== ACTIVITY ==
Your answer must match, word for word, the lines from the one holding "The Maars personalized" through the final line below, with pictures excluded.

== Records from a data source ==
"""
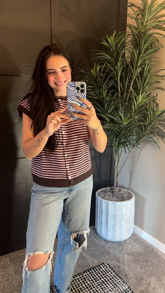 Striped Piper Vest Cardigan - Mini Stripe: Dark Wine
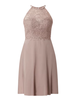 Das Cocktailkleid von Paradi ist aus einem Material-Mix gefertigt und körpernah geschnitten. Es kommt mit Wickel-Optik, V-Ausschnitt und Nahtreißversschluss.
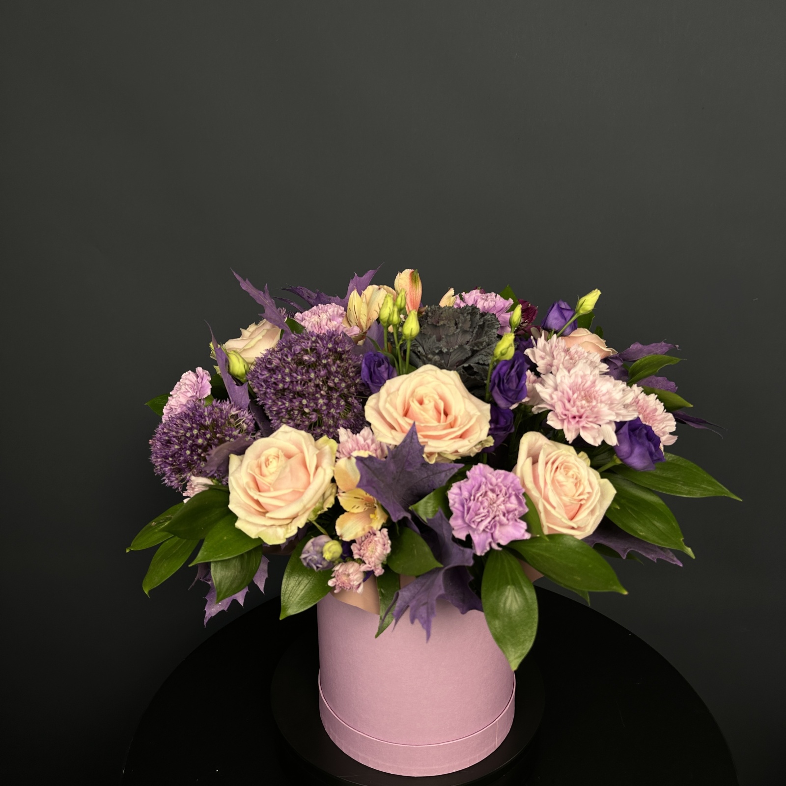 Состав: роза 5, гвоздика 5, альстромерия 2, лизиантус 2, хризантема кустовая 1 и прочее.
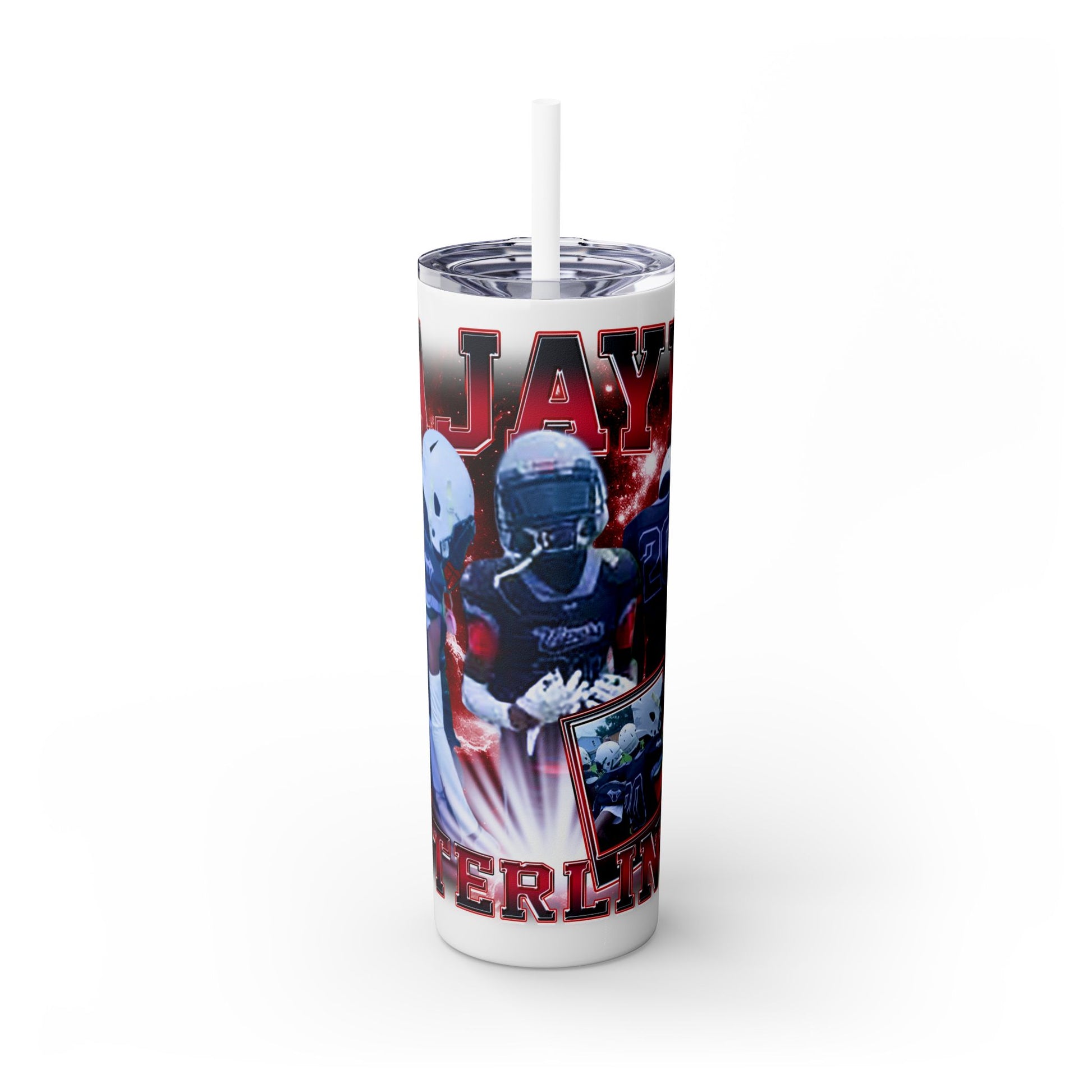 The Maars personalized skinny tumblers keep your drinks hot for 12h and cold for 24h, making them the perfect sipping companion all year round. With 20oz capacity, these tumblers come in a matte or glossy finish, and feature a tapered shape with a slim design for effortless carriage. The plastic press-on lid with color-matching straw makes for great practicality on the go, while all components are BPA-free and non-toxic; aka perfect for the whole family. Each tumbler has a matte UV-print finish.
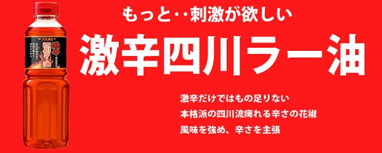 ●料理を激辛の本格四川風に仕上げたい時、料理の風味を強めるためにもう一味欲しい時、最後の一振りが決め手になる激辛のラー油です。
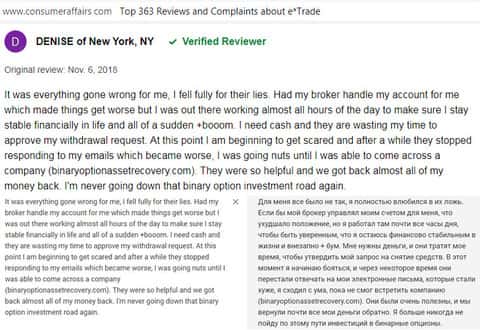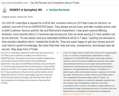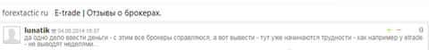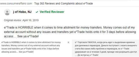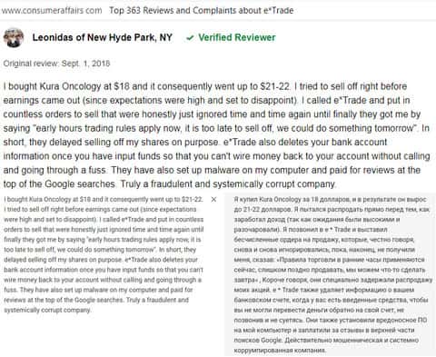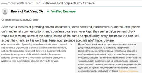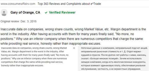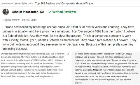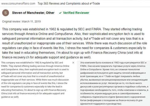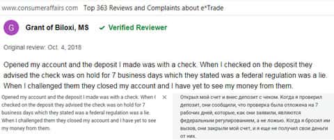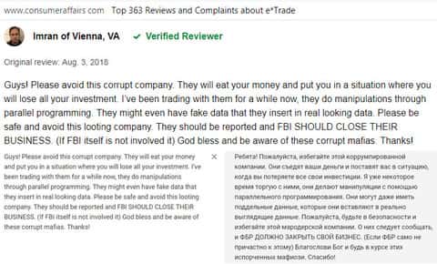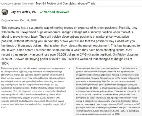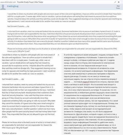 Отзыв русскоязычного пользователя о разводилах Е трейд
"""
== ANSWER TO THIS TASK ==
 The Maars personalized skinny tumblers keep your drinks hot for 12h and cold for 24h, making them the perfect sipping companion all year round. With 20oz capacity, these tumblers come in a matte or glossy finish, and feature a tapered shape with a slim design for effortless carriage. The plastic press-on lid with color-matching straw makes for great practicality on the go, while all components are BPA-free and non-toxic; aka perfect for the whole family. Each tumbler has a matte UV-print finish.
 ●料理を激辛の本格四川風に仕上げたい時、料理の風味を強めるためにもう一味欲しい時、最後の一振りが決め手になる激辛のラー油です。
 Отзыв русскоязычного пользователя о разводилах Е трейд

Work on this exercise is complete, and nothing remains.